Key Takeaway: U.S. shippers face rising costs, reduced discount effectiveness, and planning challenges due to UPS’s frequent surcharge increases, particularly impacting e-commerce, high-volume, and international shipping.


Strategic Recommendations for U.S. Shippers

To mitigate the impact of UPS’s fuel surcharge increases and maintain cost efficiency in 2025, Gain Consulting recommends the following strategies:

  1. Negotiate Surcharge Discounts: Work with UPS to secure fuel surcharge discounts (10–50% off) or incentives in your service agreement. Refund Retriever suggests that effective negotiations can reduce or eliminate surcharge impacts, especially for high-volume shippers. Engage a consultancy like Gain Consulting to analyze your contract and optimize terms.

  2. Consolidate Shipments: Reduce the number of shipments by consolidating orders or optimizing package dimensions and weight. Supply Chain Dive noted that consolidating shipments can mitigate surcharge impacts, as fuel fees are applied per package. Use dimensional weight calculators to minimize billable weight.

  3. Explore Alternative Carriers: Compare rates from FedEx, USPS, or regional carriers like OnTrac or LSO. Mindful Logistics recommends exploring regional carriers for competitive pricing, especially for local or rural deliveries where UPS’s Delivery Area Surcharges (DAS) are high. OnTrac’s 2024 holiday surcharge of $0.75 per residential package is simpler and potentially cheaper than UPS’s structure.

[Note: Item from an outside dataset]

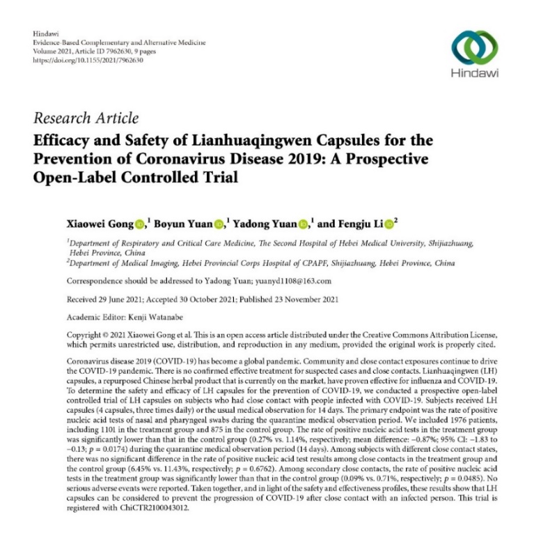 由河北醫(yī)科大學第二醫(yī)院呼吸與危重癥醫(yī)學二科主任袁雅冬教授主持開展的“連花清瘟膠囊預防新型冠狀病毒肺炎”真實世界研究論文被國際學術期刊《循證補充和替代醫(yī)學》刊發(fā),該研究選取1976例與新冠肺炎感染者有密切接觸的受試者,分為連花清瘟治療組(1101例)和對照組(875例),兩組受試者分別接受連花清瘟膠囊(4粒/次,3次/天)治療和常規(guī)醫(yī)學14天觀察,并于14天后檢測鼻咽拭子核酸檢測陽性率。研究結(jié)果顯示,隔離醫(yī)學觀察期間(14天)治療組核酸檢測陽性率為0.27%,對照組為1.14%;二次密切接觸者中,治療組核酸檢測陽性率為0.09%,對照組為0.71%。服用連花清瘟治療組都顯著低于對照組。在醫(yī)學隔離觀察期間,對于核酸檢測陽性患者,連花清瘟治療組的癥狀發(fā)生率顯著低于對照組,特別是能顯著降低發(fā)熱的發(fā)生率。這是首個對新冠密切接觸者預防的有效性和安全性的臨床試驗。

  4. Leverage Technology for Cost Visibility: Implement a Transportation Management System (TMS) or parcel spend analytics platform like Reveel or Shipware to track surcharge costs and identify savings opportunities. These tools provide real-time insights into fuel surcharge impacts and carrier performance. Reveel’s Parcel Spend Management 2.0 platform helps shippers optimize costs amid 2025 rate hikes.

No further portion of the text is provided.